Профессор жил на углу рю д’Эльзас и Восьмого мая победного сорок пятого года, в старинном доме напротив Восточного вокзала. Его квартира производила впечатление запасников музея широкого профиля. Весь коридор был заставлен шкафами, где под стеклом лежали всяческие диковины: окаменелости с отпечатками вымерших рыб и растений, кристаллические друзы, вулканические бомбы, железомарганцевые конкреции, извлеченные из глубин океана. Свободные простенки занимали причудливые маски, каменные топоры, амулеты и ожерелья из ракушек, акульих зубов, игл морского ежа и еще каких-то совершенно неведомых семян и орехов. Африканские божки с выпученными глазищами соседствовали с луками и дротиками, среди жуткого вида кукол затесалась, изумив Невменова, человеческая голова, высушенная до размеров апельсина. Поразили спутанные длинные волосы и торчащие в издевательской ухмылке зубы, несоразмерные с усохшими органами слуха и обоняния.

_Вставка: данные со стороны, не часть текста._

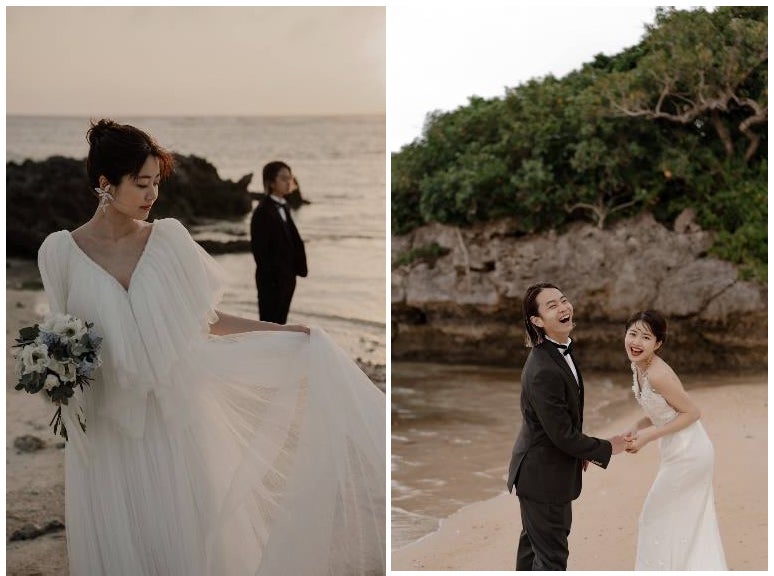 インタビューでは今年3月に行った沖縄・伊良部島での前撮りについて話す場面も。お互いのドレス姿・タキシード姿を見たのはこれが初めてだったそうで、感想を聞かれたこうへいさんは「きれいでした」と照れ笑い。あみさんは「(婚姻届を提出しても)結婚した実感がなかったんですけど、ばーって実感が湧きました」と思い出深い様子でした。また、それぞれにお気に入りの一枚を聞くと、こうへいさんは「あみがメインの、僕が背景でボケているやつ。一番いい」と初公開の写真を披露。あみさんは「崖っぽいところでノリノリの中撮られた1枚が自然体で好きでした」とそろって大満足でした。

— Приобрел на Калимантане у даяков — охотников за черепами, — заметив интерес гостя, с гордостью похвастал коллекционер. Было видно что он изрядно пошлялся по белу свету.
Сергей Платонович почти ничего не знал о Калимантане, а о даяках — тем более, но в детстве ему в руки попала редкая марка острова Борнео, на которой был изображен орангутанг, разрывающий пасть крокодилу. Соседский мальчик выдурил ее в обмен на серую монету с фашистским орлом. Она вскоре куда-то затерялась, оставив горькие сожаления о сделке, запомнившейся почему-то на всю жизнь.
Не пожалев похвал по поводу экспозиции, Невменов в нескольких словах описал безрассудно утраченный раритет, на что Латур, оказавшийся еще и филателистом, немедленно заявил:
— У меня есть такая! Я вам обязательно покажу. Прошу, — посторонился он, распахнув дверь кабинета.
Первоначальный контакт таким образом установился еще до начала беседы. Приступить к теме удалось далеко не сразу, ибо обойти вниманием интерьер рабочего места психолога, религиоведа и путешественника значило нанести кровную обиду. Французские коллеги предупредили, что метр не только исключительно словоохотлив, но и болезненно самолюбив.